I'd definitely recommend PCLinux (PCLOS). Been using it for several months has a great live cd and when your ready there's a extremely easy to use HD installation procedure, Updates/installs/uninstalls are provided using a program called "Synaptics" and the forums support is AAA+++.

Tempus (not verified) - Tue, 2020-05-17 11:55.


PCLinuxOS I think is perfect. It has a live CD function so people can try it out before installing. It is better-looking than MEPIS and Knoppix. It allows root login unlike (K)Ubuntu which is less confusing. Though it uses RPM, it has APT and Synaptic for managing packages so no broken dependencies. While the software resources for it don't go as deep as Debian, it has what a most users will need. Its Master Control Center also offers an easy graphical way to configure the system that surpasses what the others offer, and the community is one of the most considerate and helpful around.

I also might say in regards to Ubuntu that I think KDE is probably easier on most newbies than Gnome is. I've read all of the arguments for Gnome and they have many great points, but it has been my experience that Windows users are less confused in KDE than Gnome right off the bat.

An - ymous (not verified) - Tue, 2020-05-17 10:44.

PCLinux OS

This OS is a fork of Mandrake offered by Texstar. It initially operates as a LiveCD but can be installed to your harddrive as well. Texstar has really polished this distro that still is only in Beta. Give it a try and you'll probably keep it and pass the cd along to a few friends. All the best of Mandrake made better! And they have a great user forum!
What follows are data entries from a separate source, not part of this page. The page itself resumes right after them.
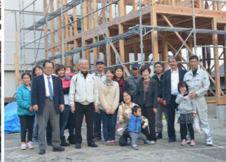
餅撒きの様子(左)とご家族スタッフみんなの集合写真(右)。竣工まで頑張ります!!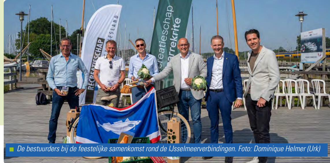
■ De bestuurders bij de feestelijke samenkomst rond de IJsselmeerverbindingen.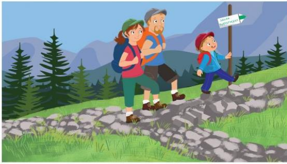
Chodzimy po wyznaczonych szlakach.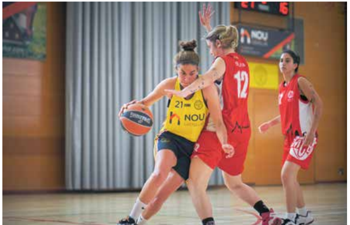
Una jugadora del CB Castellar intentant desfer-se d'una rival del Montmeló al pavelló Blume la setmana passada.

D'altra banda, l'equip masculí va caure per 100-75 contra el La Salle Manresa, en l'últim partit disputat a Primera Catalana. El conjunt acaba en últim lloc de la taula (6-20), suma el segon descens consecutiu i la pròxima temporada serà equip de Segona Catalana. +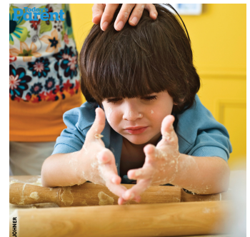
J'ai fait un dégât!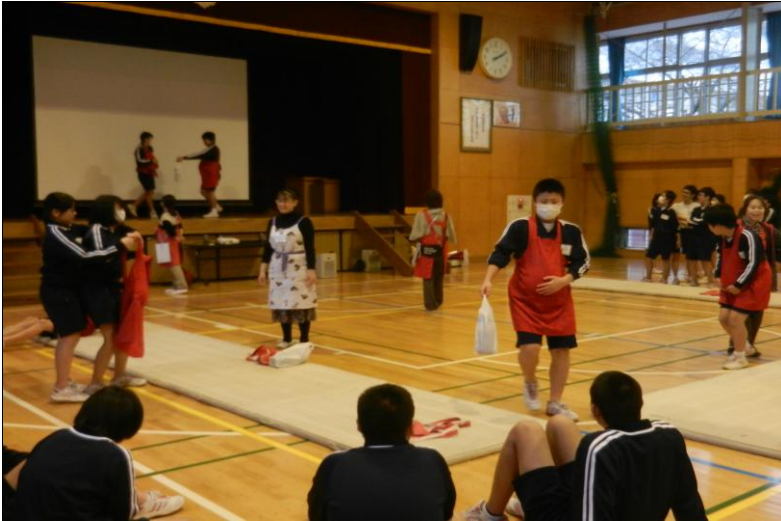
○「いのちの講座」 妊婦体験の様子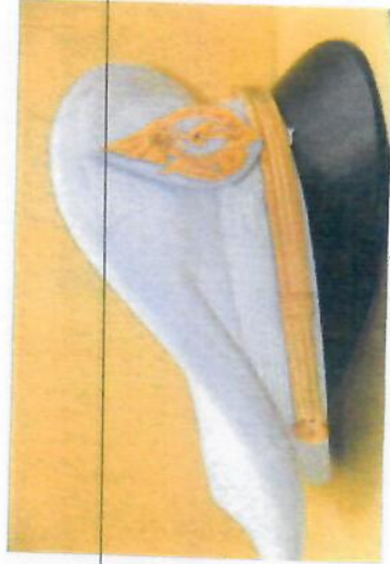
ด้านข้างหมวก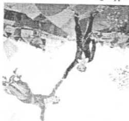
M. Chagall, La passeggiata (1917-18)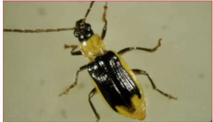
Adulto macho de Diabrotica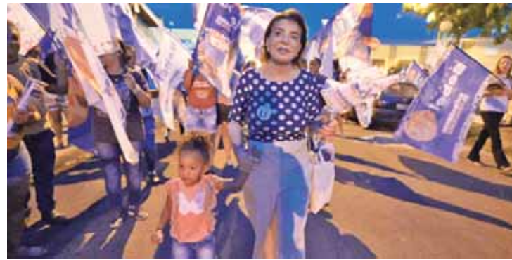
Bebel em caminhada pelo tradicional bairro do Cecap, na sexta-feira à noite, que sofre com as constantes falta d'água

An - ymous (not verified) - Tue, 2020-05-17 08:13.

As a newcomer to Linux of abo

As a newcomer to Linux of about 4 months I have had a positive experience with Mandrake. I am trying to migrate from 98 and XP. I installed Fedora 2 no problems but got lost for ages with the installation of peripherals such as USB floppy drive and USB flash drive. I also had some trouble getting online. I got all these issues resolved after about 1 month but felt that I had hit the wall as far as using Linux as a home desktop. I read a bit and decided to try Ubuntu on the same computer but I couldn install it - it kept on stalling trying to install fsdos utils? I gave up and tried Mandrake 10.1. After 3 days I am on line, have the USB devices installed and have been finding my way around the KDE desktop. I like Konqueror and Kmail.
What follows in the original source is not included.